International travel and migration – Consequent to huge increases in movement of people between tropical and temperate countries, clinicians can now come across unfamiliar infections. For example, many western countries are now considered to be free of leprosy, a chronic infection caused by Mycobacterium leprae, and the diagnosis could be missed unless suspected. This usually presents with skin and neurological involvement but musculoskeletal features are the third most common. These include Charcot’s arthropathy, acute as well as chronic symmetrical polyarthritis and tenosynovitis although other rheumatic manifestations such as enthesitis, sacroiliitis and cryoglobulinaemic vasculitis have also been occasionally reported.[13]

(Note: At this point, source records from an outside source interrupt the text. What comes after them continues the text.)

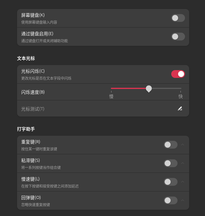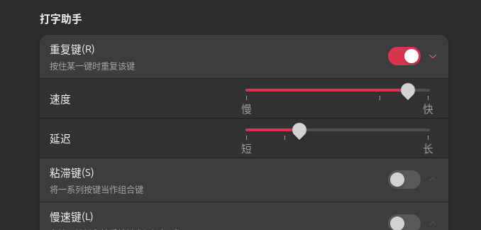 而我们又都知道,重复输入内容其实又是一个非常少见的行为(而且复制粘贴很大程度上可以替代这种重复输入),因此我们可以直接关闭重复键。
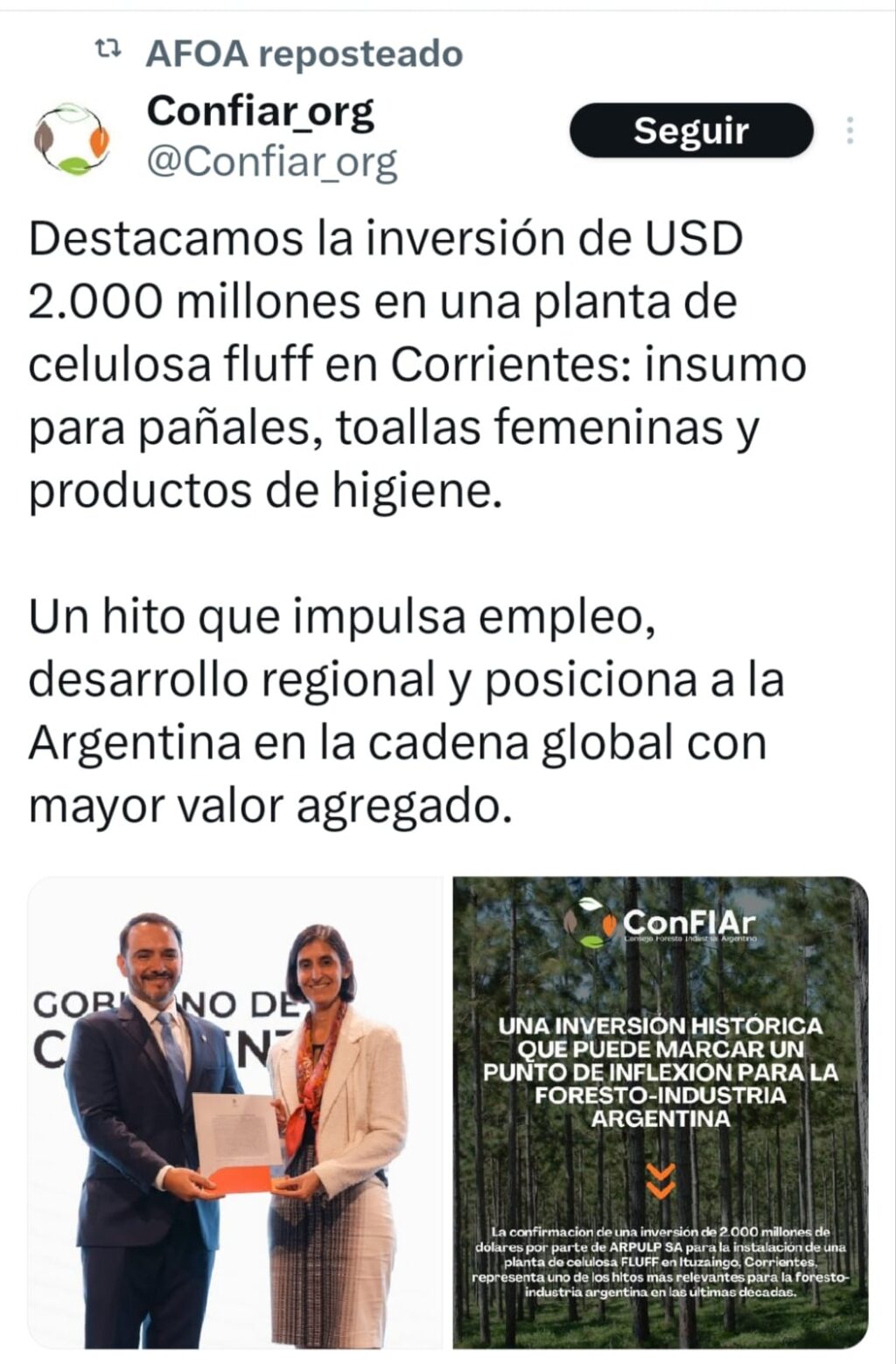 “Gran noticia para el país, para Corrientes y para el sector forestal”, pronunció la Asociación Forestal Argentina (AFoA) a través de sus redes sociales, remarcando que la iniciativa significa “producción, empleo y divisas con bioproductos sostenibles y bajos en carbono”.
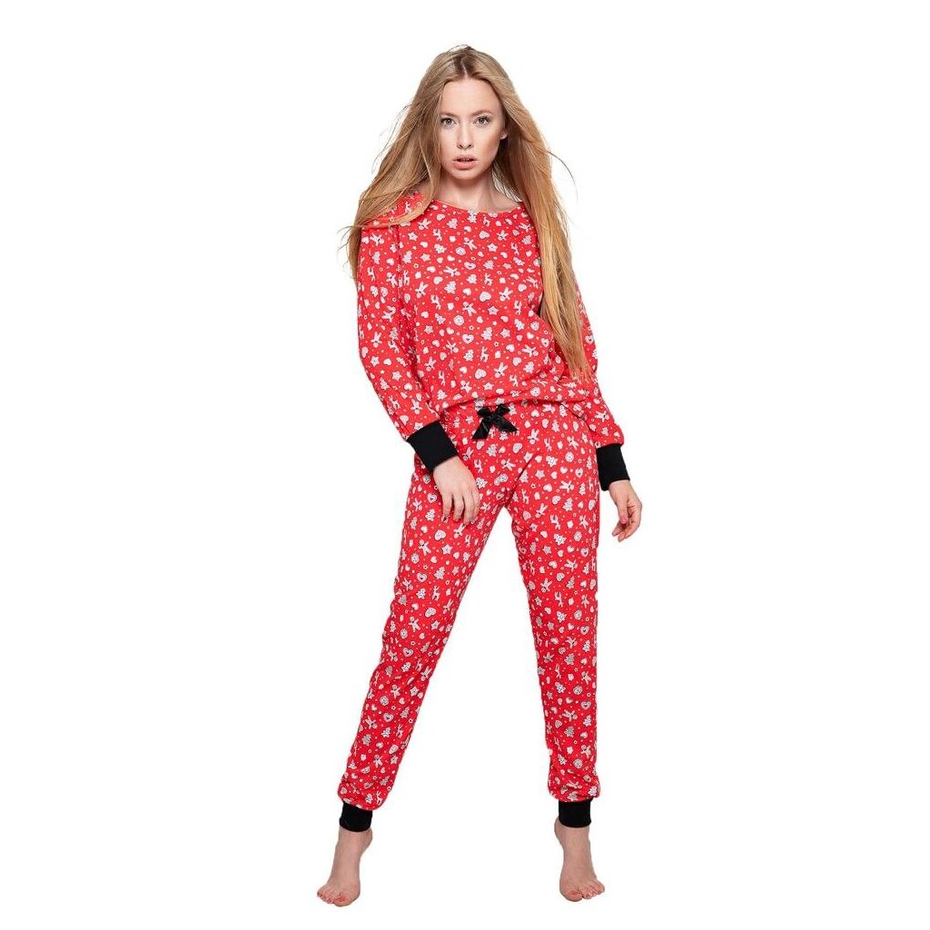 Dámské bavlněné pyžamo Sue má krásný vánoční vzor a červenou barvu.Doplňkové parametry
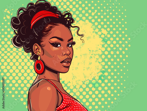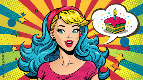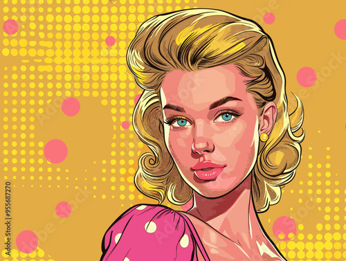 Векторная иллюстрация красивой молодой женщины с воздушным шаром для любовной речи. Сексуальный портрет девушки в стиле ретро-поп-арт в стиле комиксов.
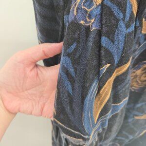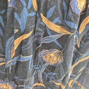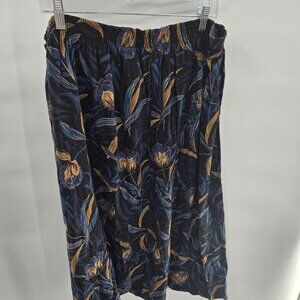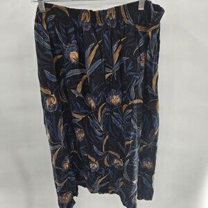 Vintage Sag Harbor Blue Floral Gold Leaf Rayon Midi Skirt 2X
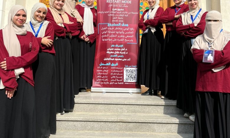 أطلقت مجموعة من طالبات قسم العلاقات العامة والإعلان بكلية الإعلام بنات جامعة الأزهر، مشروع تخرجهن تحت عنوان “ريستارت مود”، والذي يهدف إلى رفع الوعي بمخاطر حروب الجيل الخامس وأدواتها، بما يسهم في حماية الوعي الجمعي وتعزيز التفكير النقدي وترسيخ القدرة على مواجهتها.
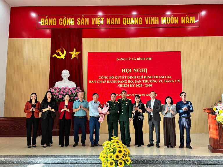 Nhằm kiện toàn tổ chức bộ máy, đáp ứng yêu cầu nhiệm vụ chính trị trong giai đoạn mới, chiều ngày 26/2/2026, Đảng ủy xã Bình Phú tổ chức Hội nghị Ban Chấp hành để công bố Quyết định của Ban Thường vụ Tỉnh ủy Phú Thọ về việc chỉ định Ủy viên Ban Chấp hành, Ban Thường vụ Đảng bộ xã Bình Phú, nhiệm kỳ 2025 – 2030. Tại hội nghị, Thường trực Đảng ủy xã đã công bố và trao Quyết định cho đồng chí Thượng tá Triệu Quang Thắng – Chỉ huy trưởng Ban Chỉ huy quân sự xã được chỉ định tham gia Ban Chấp hành, Ban Thường vụ Đảng uỷ xã Bình Phú, nhiệm kỳ 2025 – 2030.
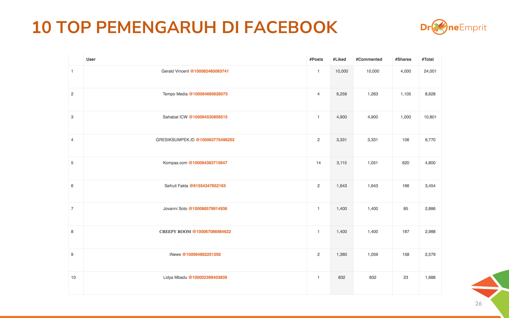 Di Facebook, percakapan didominasi oleh media (Tempo, Media), akun NGO (Sahabat ICW), dan akun personal dengan sentimen yang bervariasi.
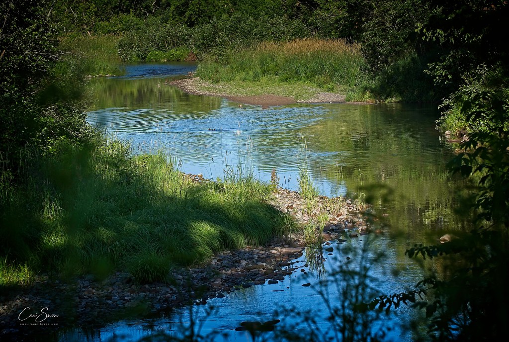 As I pedalled down the hill from our house toward the Nature Trail, the sharp, sweet smell of pine trees filled my senses. Pedalling along the trail, that scent on the breeze was usurped by the scent of cooking grease from the donut factory nearby. I listened to the sounds of the water bouncing over the rocks in the creek-bed alongside the trail, and stopped to grab a photo as a duck landed disturbing the silky smooth water, creating small waves as it swam back and forth.
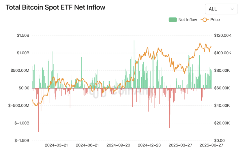 I dati di CoinAnk mostrano che la scorsa settimana l'ETF Bitcoin spot ha registrato un afflusso netto di 2,22 miliardi di dollari, continuando il trend di afflusso netto per tre settimane. L'ETF Bitcoin spot con il massimo afflusso netto settimanale è stato l'ETF IBIT di Blackrock, con un afflusso netto settimanale di 1,31 miliardi di dollari, e attualmente l'afflusso netto totale storico di IBIT è di 52,31 miliardi di dollari. L'ETF Bitcoin spot con il massimo deflusso netto settimanale è stato l'ETF GBTC di Grayscale, con un deflusso netto settimanale di 5,69 milioni di dollari, e attualmente il deflusso netto totale storico di GBTC è di 23,25 miliardi di dollari.
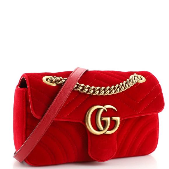 Gucci GG Marmont Flap Bag Matelasse Velvet Mini Red

Hygiene hypothesis – This postulates that exposure to some infective agents during childhood could provide protection against development of allergic and autoimmune rheumatic diseases in the future. This is based on epidemiological and clinical data which show an increase in prevalence of these conditions in western countries in conjunction with reduced rates of infections.1 Consequently, there could potentially be an increase in autoimmune rheumatic diseases in some developing countries as they adopt healthier standards of living including access to clean water.

COVID-19 pandemic – The full extent of the relationship between rheumatic diseases and COVID-19 infection remains unclear. An important lesson from the recent pandemic is that rheumatic diseases on their own are associated with only a modest additional risk and the principal factors that determine a poor outcome are active disease, comorbidities including increased age, and use of medications like rituximab and glucocorticoids.[14] It is now clear that hydroxychloroquine is entirely ineffective against COVID-19 infection although anti IL-6 agents like tocilizumab have been shown to improve outcomes in some patients with severe or critical disease.

Vaccinations - Patients with rheumatic diseases have an increased risk of infections and vaccinations can play a vital role in prevention. However, the immunological response to vaccines can be reduced in those receiving strong immunosuppressive therapy and various strategies including appropriate timing of vaccination have been used to improve efficacy. Moreover, certain vaccines, such as the ones against SARS-COV-2, have been implicated in the development of de novo rheumatological conditions as well as disease flares in those with existing illnesses.[15]


Infections and rheumatic diseases share a fascinating relationship. Some rheumatic diseases are the consequence of specific infections while others have been associated with several microbial agents although the definitive proof of a causal link in such cases mostly remain elusive. The ever-evolving field of advanced therapeutic options has made it possible to effectively treat a wide range of rheumatological diseases that were previously considered refractory but these agents are also frequently linked to a significant increase in the incidence of common infections as well as to the emergence of potentially life-threatening opportunistic infections. Moreover, external factors such as global warming and migration of people have led to spread of diseases to new geographical locations and clinicians must be vigilant about such unfamiliar infections and their consequences.